Miners dump Bitcoin in anticipation of the halving
For the bulk of crypto-enthusiasts, halving is a positive phenomenon, as halving Bitcoin issuance leads to a lower supply and higher prices. Historically, the price triples or more 6-18 months after halving.
But this has significant implications for Bitcoin miners, as they experience a corresponding reduction in their revenue stream. The situation is exacerbated by stiff competition, which translates into a lack of meaningful yield growth from the hashrate, despite Bitcoin's excellent performance over the past 12 months. Last March, the price was $0.06 per terahash per day, but now it's just $0.09 TH/D.
Before institutional capital entered the market (in the era of 'balcony mining'), the price reached $3.5 TH/D. Now publicly traded mining companies account for a quarter of the global network capacity, and their share continues to grow.

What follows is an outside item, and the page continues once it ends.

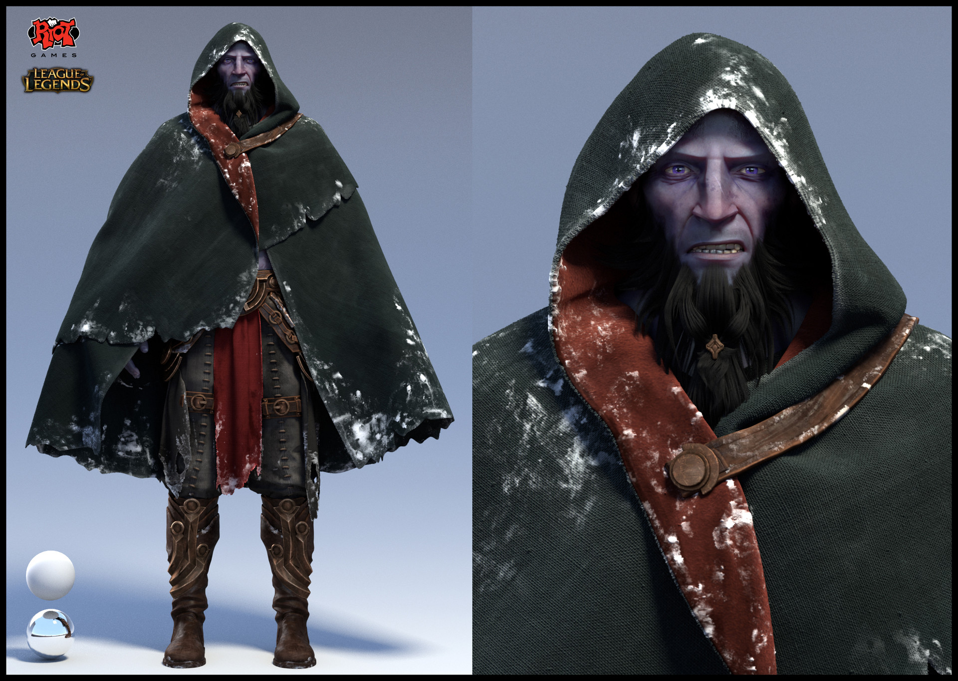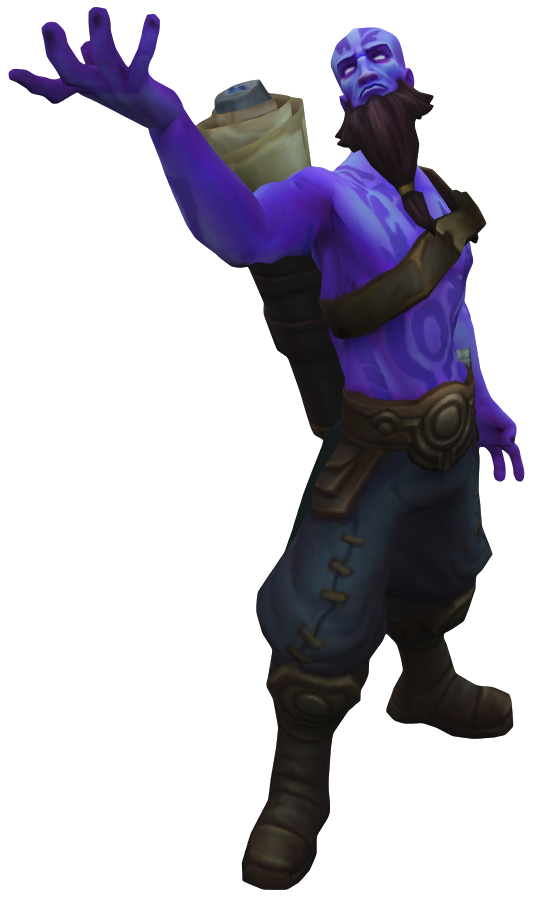 Ryze is a old man with violet skin due to prolonged contact with the World Runes. His body is full of tattoos in runic styles. He is bald but has a scrappy black beard, tied togheter at the end with a hair ring. Ryze is shirtless except for a a leather shoulderguard with a sash holding it togheter. A giant scroll is attached to his back, held there by the leather sash. He wears fairly detailess, loose, dark blue pants with high leather boots. Around his waist he wears a leather belt with a book tied to it.

To maximize profits, they build power plants with renewable-sourced energy or connect directly (not via distribution grids) to nuclear power plants. At the same time, they are continuing to aggressively increase production capacity, which leads to an increase in difficulty and eats up much of the profit from Bitcoin's growth (Bitcoin uses a mechanism called difficulty adjustment to ensure a constant mining speed of 10 minutes per block).
Mining companies are fighting hard for every cent: some have managed to get the best energy rates, others have built optimal logistics between departments, and others have bought equipment from bankrupt colleagues at throwaway prices. In any case, halving will put some of them in an extremely difficult position.
For this reason, most have unloaded reserves and are selling Bitcoin to build a financial cushion. Over the past 12 months, miners' reserves have been reduced by 26,000 Bitcoins. BTC (~$1.6 billion) to 1.823 million BTC.
For the same reason, JPMorgan predicts Bitcoin will fall to $42,000 post-halving, as the first wave of hype around ETFs subsides and miners start selling with renewed vigor due to lower yields.
The $42,000 prognosis is also supported by the fact that the average cost of mining after halving for public mining companies is approximately at this level.